╭──
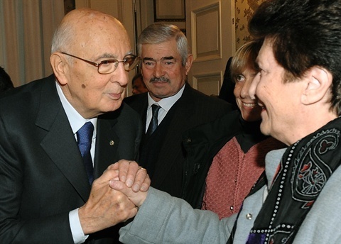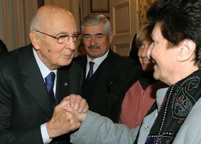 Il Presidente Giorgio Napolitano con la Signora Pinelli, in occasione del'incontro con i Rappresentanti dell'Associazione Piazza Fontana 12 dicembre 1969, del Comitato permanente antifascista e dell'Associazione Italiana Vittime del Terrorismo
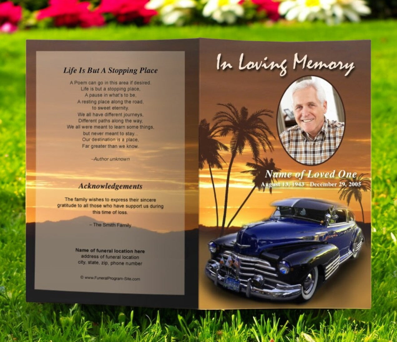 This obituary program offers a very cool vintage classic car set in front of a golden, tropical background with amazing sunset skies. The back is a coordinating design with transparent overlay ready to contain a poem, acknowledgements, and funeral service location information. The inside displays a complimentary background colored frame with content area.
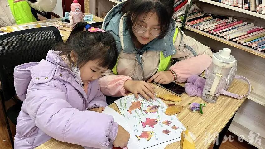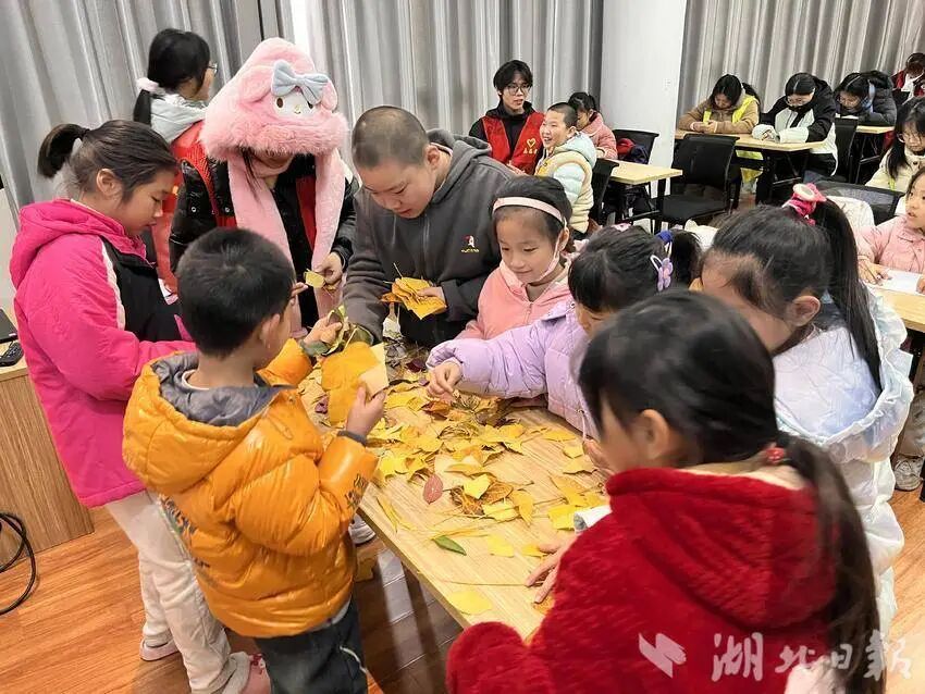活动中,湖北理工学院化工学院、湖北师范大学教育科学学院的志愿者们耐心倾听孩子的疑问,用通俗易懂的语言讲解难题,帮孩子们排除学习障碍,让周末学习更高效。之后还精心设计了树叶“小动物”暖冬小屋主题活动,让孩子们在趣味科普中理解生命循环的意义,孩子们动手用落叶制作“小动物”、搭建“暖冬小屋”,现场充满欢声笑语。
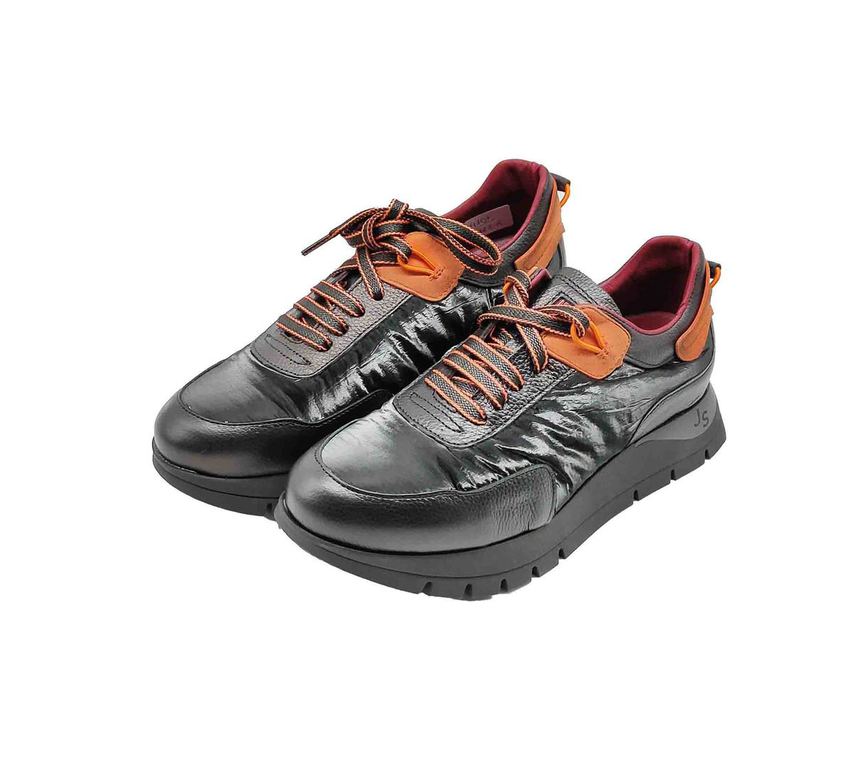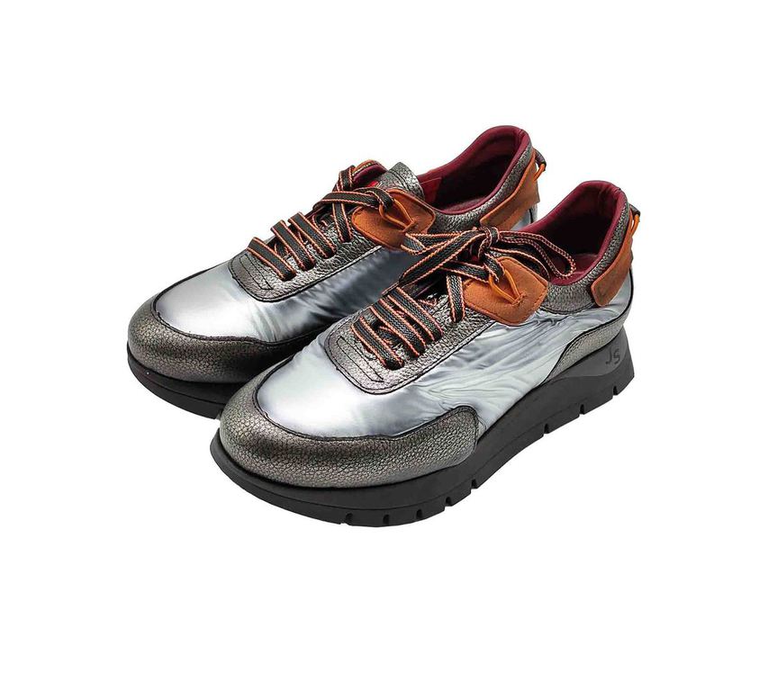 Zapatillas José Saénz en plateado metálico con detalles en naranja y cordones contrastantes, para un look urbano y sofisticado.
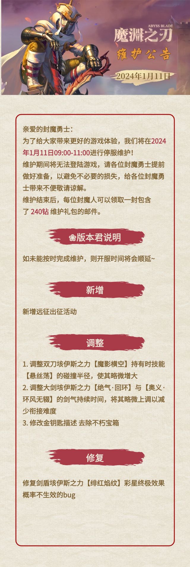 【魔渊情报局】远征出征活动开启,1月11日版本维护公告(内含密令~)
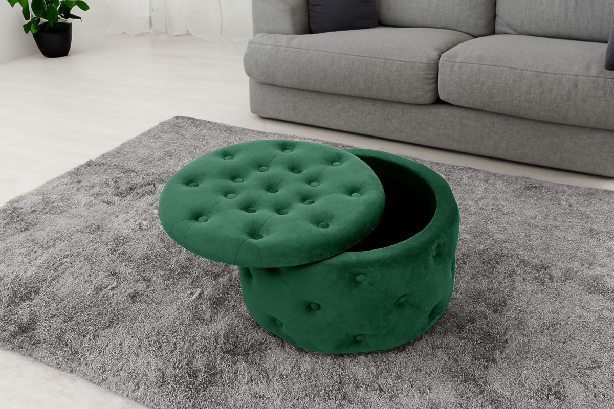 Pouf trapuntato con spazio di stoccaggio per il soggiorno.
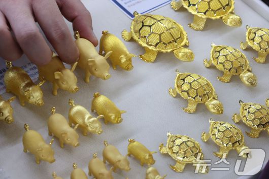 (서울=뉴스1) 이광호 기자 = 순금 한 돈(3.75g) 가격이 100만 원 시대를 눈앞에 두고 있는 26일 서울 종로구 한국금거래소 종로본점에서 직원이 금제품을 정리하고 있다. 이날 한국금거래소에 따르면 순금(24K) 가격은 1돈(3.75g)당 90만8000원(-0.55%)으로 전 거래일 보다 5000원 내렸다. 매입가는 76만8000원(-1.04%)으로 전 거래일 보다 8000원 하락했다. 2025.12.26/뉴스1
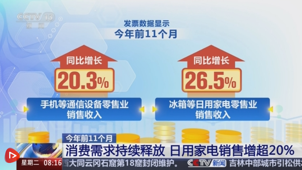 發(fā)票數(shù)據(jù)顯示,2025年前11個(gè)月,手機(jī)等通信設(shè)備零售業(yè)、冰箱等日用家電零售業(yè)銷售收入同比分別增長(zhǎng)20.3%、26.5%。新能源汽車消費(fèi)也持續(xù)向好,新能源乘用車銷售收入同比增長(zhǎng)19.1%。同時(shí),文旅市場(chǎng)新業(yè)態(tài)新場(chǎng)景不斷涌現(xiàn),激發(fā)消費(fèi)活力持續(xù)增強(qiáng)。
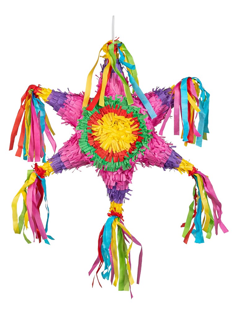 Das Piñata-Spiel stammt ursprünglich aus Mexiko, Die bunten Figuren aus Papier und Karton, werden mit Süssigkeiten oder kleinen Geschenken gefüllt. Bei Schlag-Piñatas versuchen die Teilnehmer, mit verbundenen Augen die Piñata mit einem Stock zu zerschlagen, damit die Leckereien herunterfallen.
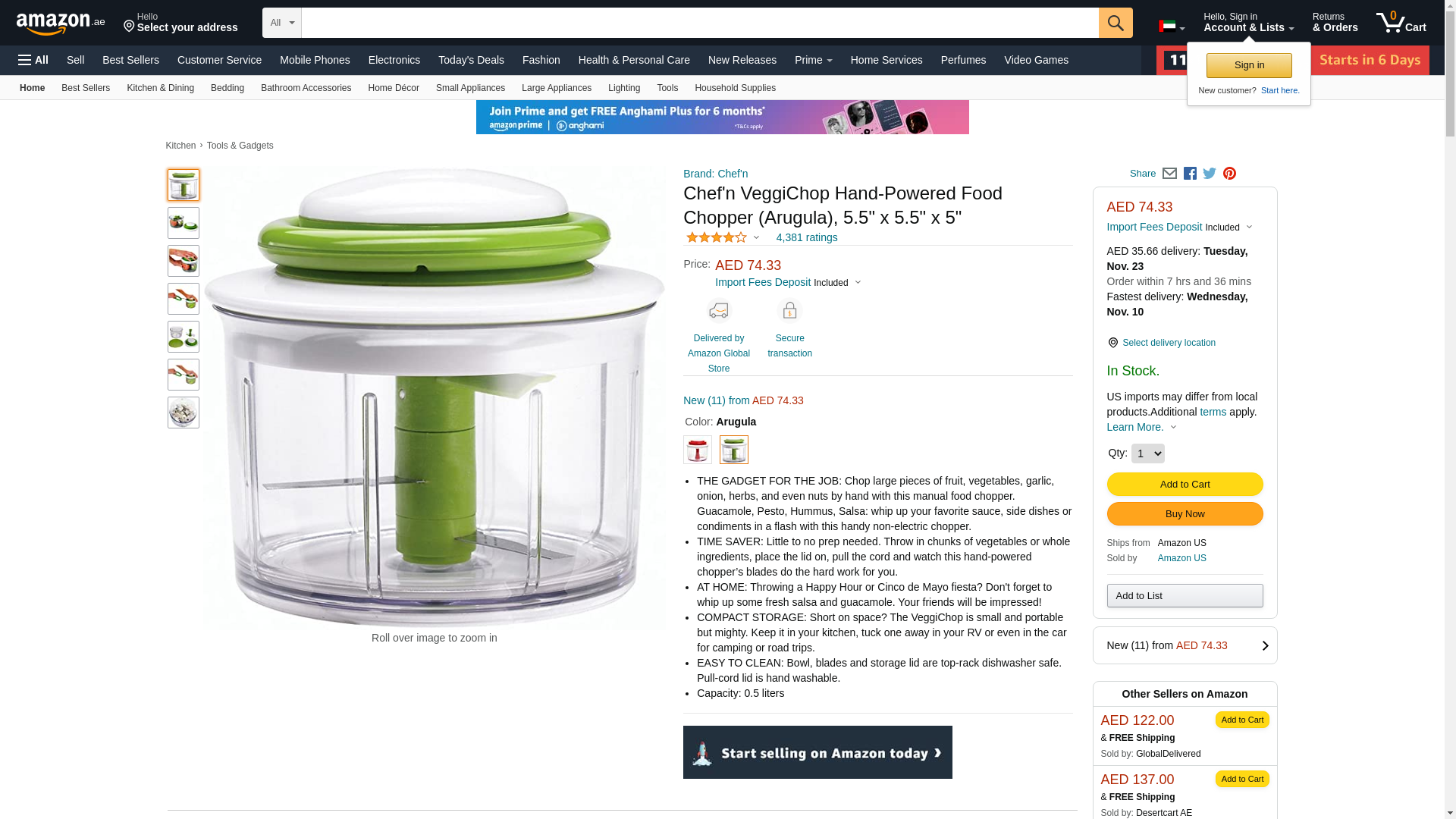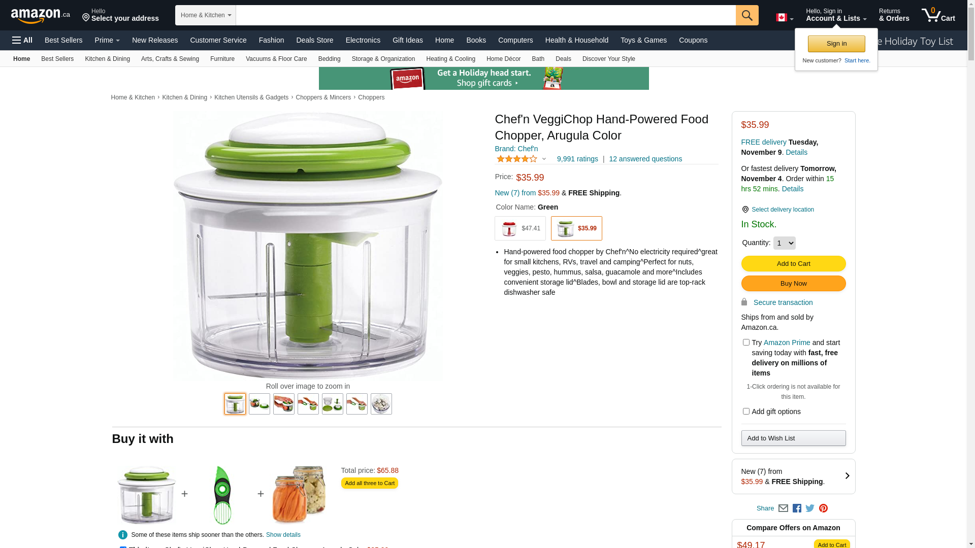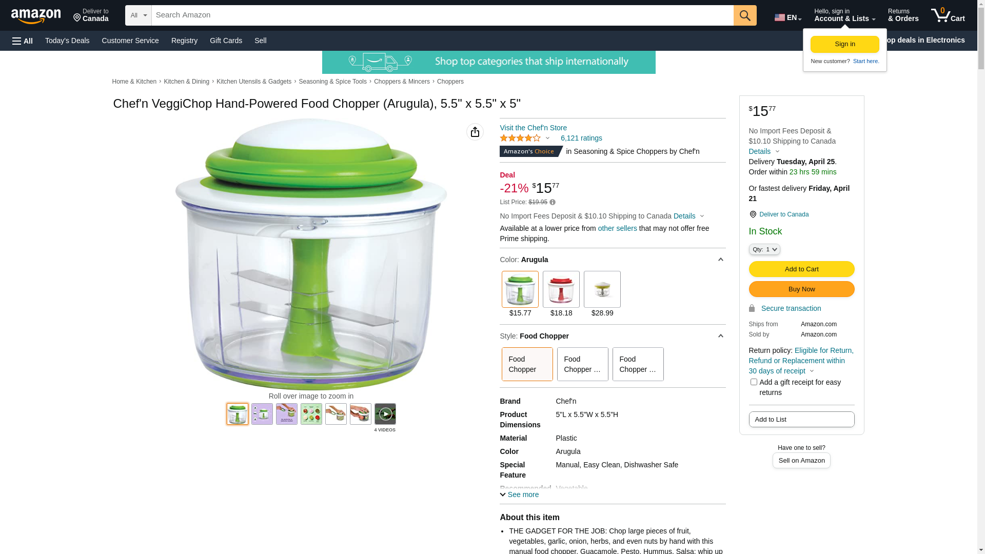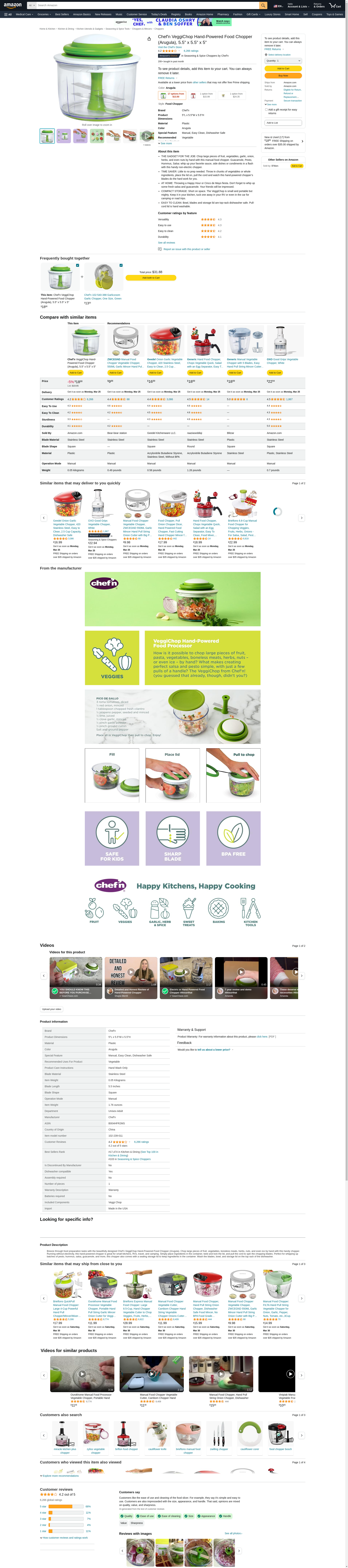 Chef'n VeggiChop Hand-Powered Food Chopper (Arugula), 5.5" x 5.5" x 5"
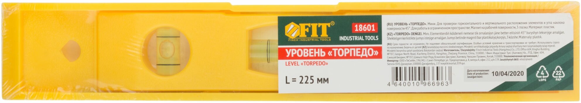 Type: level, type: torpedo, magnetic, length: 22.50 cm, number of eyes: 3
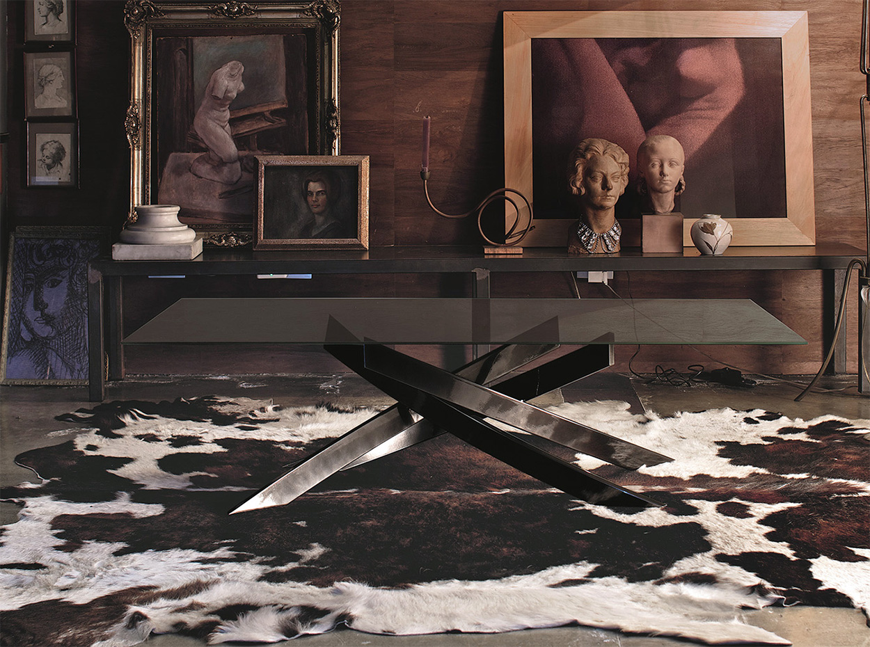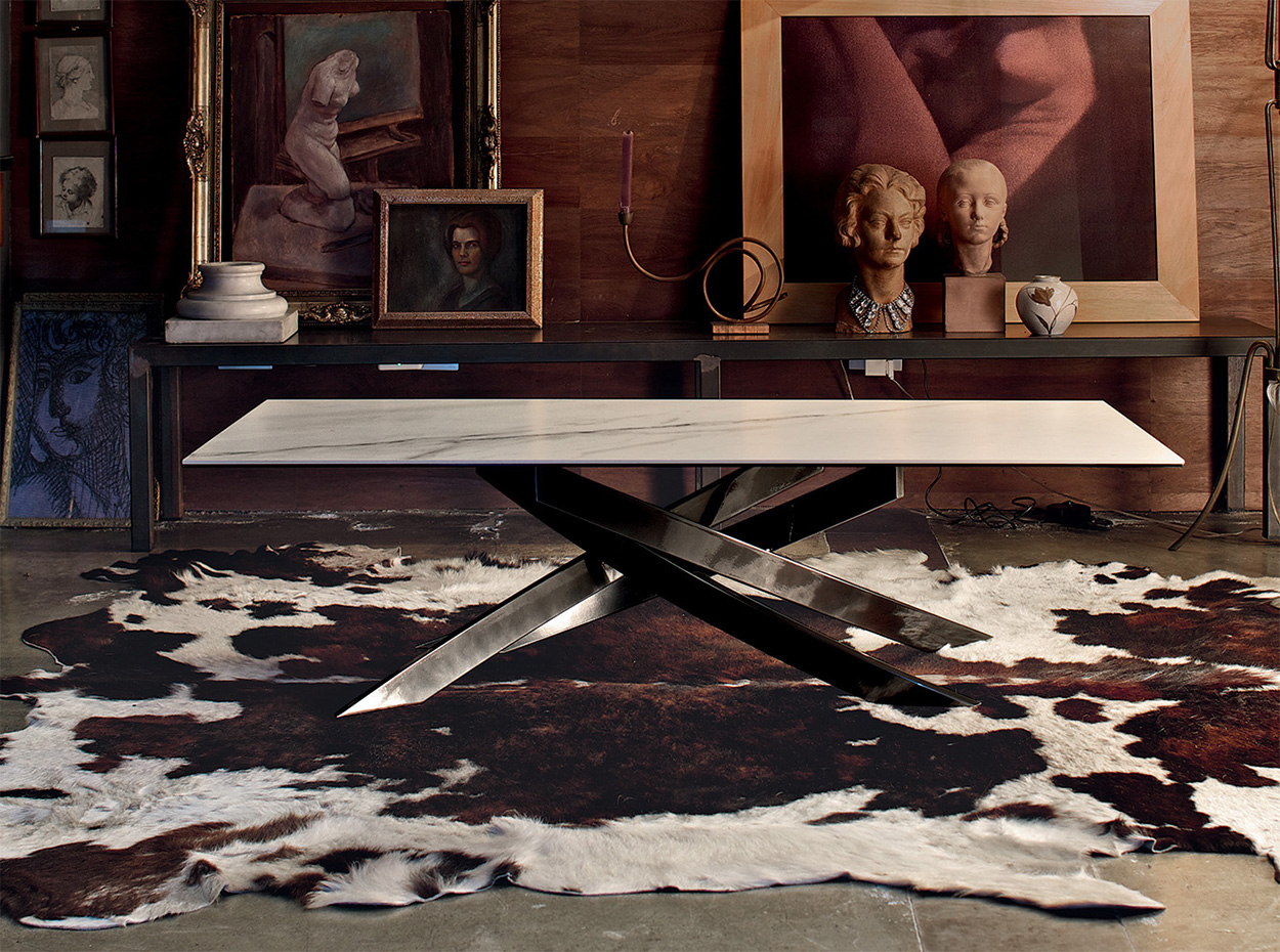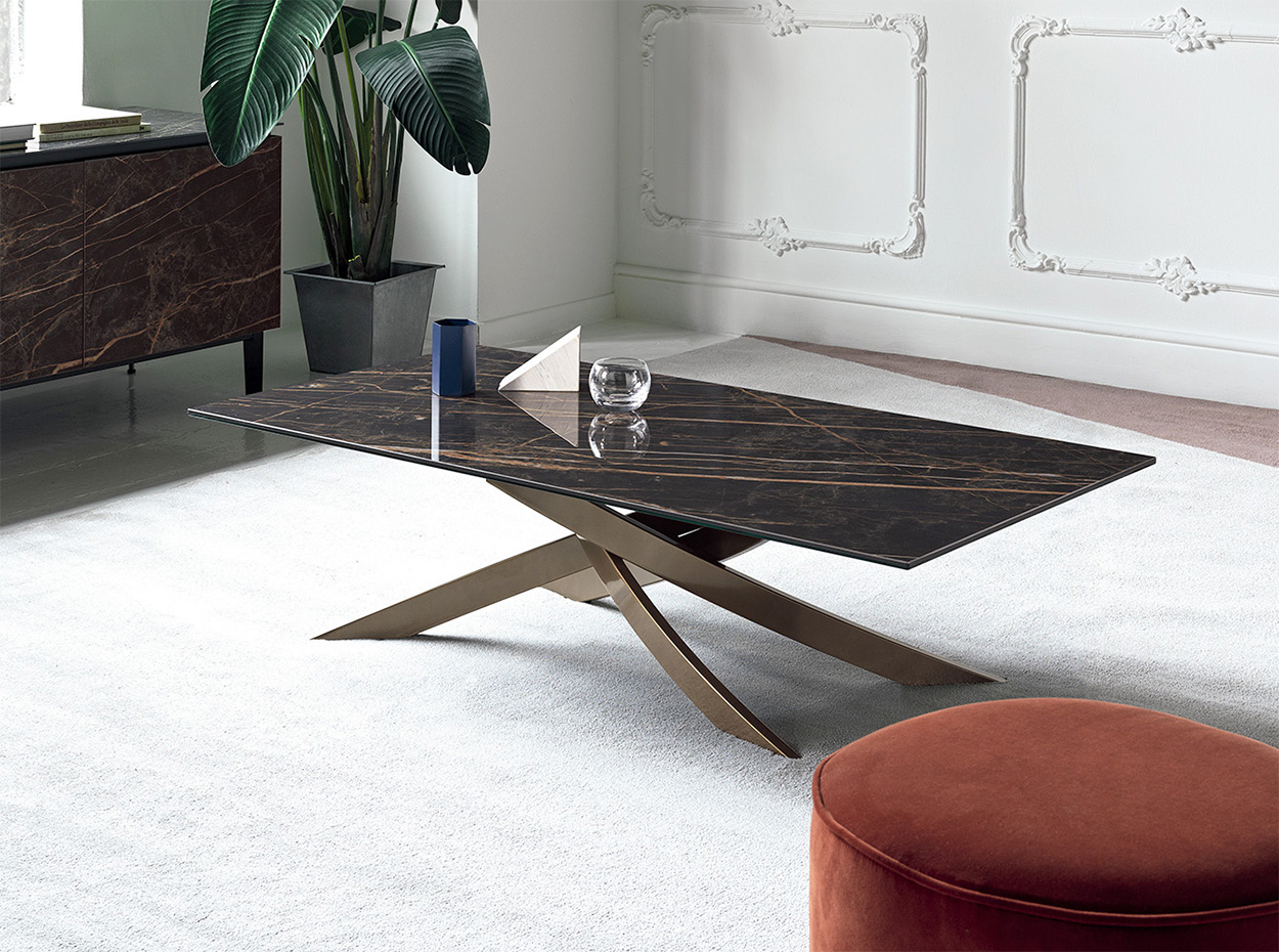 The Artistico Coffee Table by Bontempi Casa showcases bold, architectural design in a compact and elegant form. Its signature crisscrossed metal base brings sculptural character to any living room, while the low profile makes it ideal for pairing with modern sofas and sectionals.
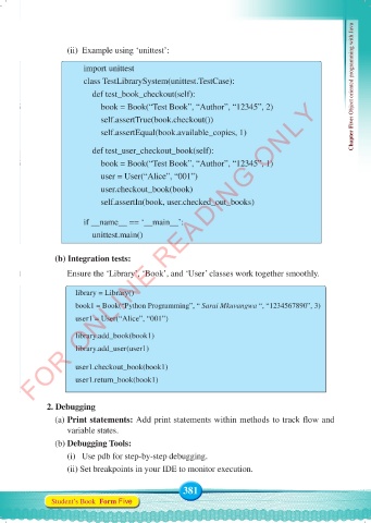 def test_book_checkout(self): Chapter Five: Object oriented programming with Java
╰──
▶ [TASK OBJECTIVE]:
Leave out the pictures and give the listing above again exactly.

▶ [TASK RESULT]:
 Il Presidente Giorgio Napolitano con la Signora Pinelli, in occasione del'incontro con i Rappresentanti dell'Associazione Piazza Fontana 12 dicembre 1969, del Comitato permanente antifascista e dell'Associazione Italiana Vittime del Terrorismo
 This obituary program offers a very cool vintage classic car set in front of a golden, tropical background with amazing sunset skies. The back is a coordinating design with transparent overlay ready to contain a poem, acknowledgements, and funeral service location information. The inside displays a complimentary background colored frame with content area.
活动中,湖北理工学院化工学院、湖北师范大学教育科学学院的志愿者们耐心倾听孩子的疑问,用通俗易懂的语言讲解难题,帮孩子们排除学习障碍,让周末学习更高效。之后还精心设计了树叶“小动物”暖冬小屋主题活动,让孩子们在趣味科普中理解生命循环的意义,孩子们动手用落叶制作“小动物”、搭建“暖冬小屋”,现场充满欢声笑语。
 Zapatillas José Saénz en plateado metálico con detalles en naranja y cordones contrastantes, para un look urbano y sofisticado.
 【魔渊情报局】远征出征活动开启,1月11日版本维护公告(内含密令~)
 Pouf trapuntato con spazio di stoccaggio per il soggiorno.
 (서울=뉴스1) 이광호 기자 = 순금 한 돈(3.75g) 가격이 100만 원 시대를 눈앞에 두고 있는 26일 서울 종로구 한국금거래소 종로본점에서 직원이 금제품을 정리하고 있다. 이날 한국금거래소에 따르면 순금(24K) 가격은 1돈(3.75g)당 90만8000원(-0.55%)으로 전 거래일 보다 5000원 내렸다. 매입가는 76만8000원(-1.04%)으로 전 거래일 보다 8000원 하락했다. 2025.12.26/뉴스1
 發(fā)票數(shù)據(jù)顯示,2025年前11個(gè)月,手機(jī)等通信設(shè)備零售業(yè)、冰箱等日用家電零售業(yè)銷售收入同比分別增長(zhǎng)20.3%、26.5%。新能源汽車消費(fèi)也持續(xù)向好,新能源乘用車銷售收入同比增長(zhǎng)19.1%。同時(shí),文旅市場(chǎng)新業(yè)態(tài)新場(chǎng)景不斷涌現(xiàn),激發(fā)消費(fèi)活力持續(xù)增強(qiáng)。
 Das Piñata-Spiel stammt ursprünglich aus Mexiko, Die bunten Figuren aus Papier und Karton, werden mit Süssigkeiten oder kleinen Geschenken gefüllt. Bei Schlag-Piñatas versuchen die Teilnehmer, mit verbundenen Augen die Piñata mit einem Stock zu zerschlagen, damit die Leckereien herunterfallen.
 Chef'n VeggiChop Hand-Powered Food Chopper (Arugula), 5.5" x 5.5" x 5"
 Type: level, type: torpedo, magnetic, length: 22.50 cm, number of eyes: 3
 The Artistico Coffee Table by Bontempi Casa showcases bold, architectural design in a compact and elegant form. Its signature crisscrossed metal base brings sculptural character to any living room, while the low profile makes it ideal for pairing with modern sofas and sectionals.
 def test_book_checkout(self): Chapter Five: Object oriented programming with Java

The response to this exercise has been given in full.